→ ACTIVITY
Return the lines below exactly, from the first line to the line that contains "On the exterior, the". Leave out pictures.

→ PROVIDED MATERIAL
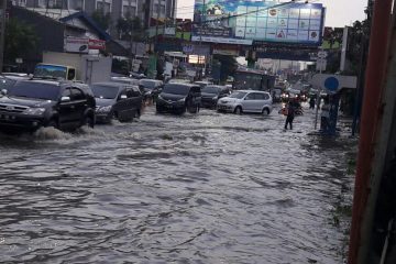 BESTTANGSEL.COM- Jalan Raya Alam Sutera-BSD, Tangerang Selatan yang mengarah ke Serpong sempat lumpuh akibat tergenang banjir usai di guyur hujan deras, Senin (24/10/2016).
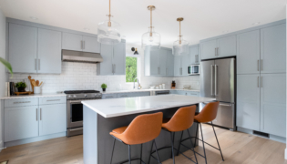 On the exterior, the home received a fresh update with new windows and siding, enhancing curb appeal and energy efficiency. Inside, the kitchen was completely reimagined, replacing dark wood cabinets with a beautiful light blue design, paired with a crisp white backsplash.
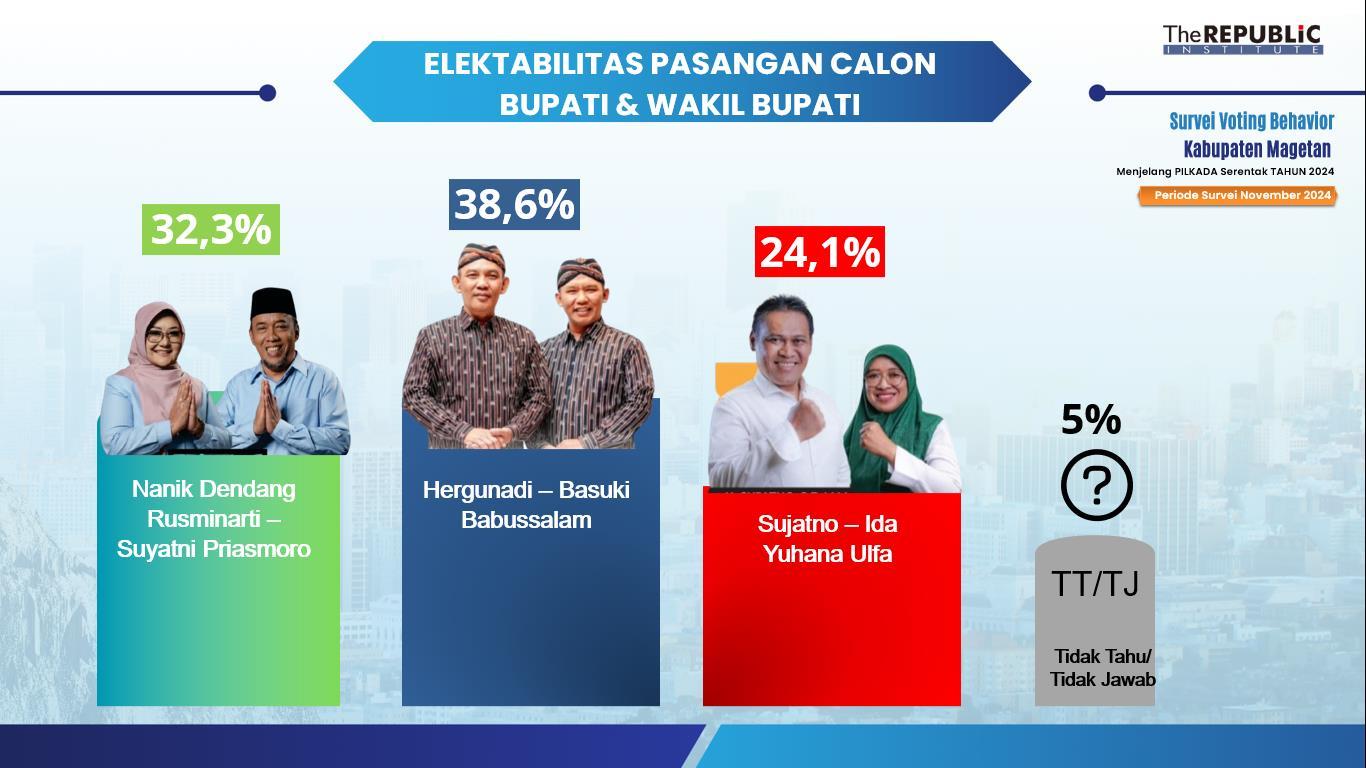 Survei terbaru dilakukan pada 14-18 November 2024 ini menyoroti popularitas dan elektabilitas tiga pasangan calon (Paslon) yang bersaing merebut kursi kepemimpinan Magetan.

→ TASK RESPONSE
 BESTTANGSEL.COM- Jalan Raya Alam Sutera-BSD, Tangerang Selatan yang mengarah ke Serpong sempat lumpuh akibat tergenang banjir usai di guyur hujan deras, Senin (24/10/2016).
 On the exterior, the home received a fresh update with new windows and siding, enhancing curb appeal and energy efficiency. Inside, the kitchen was completely reimagined, replacing dark wood cabinets with a beautiful light blue design, paired with a crisp white backsplash.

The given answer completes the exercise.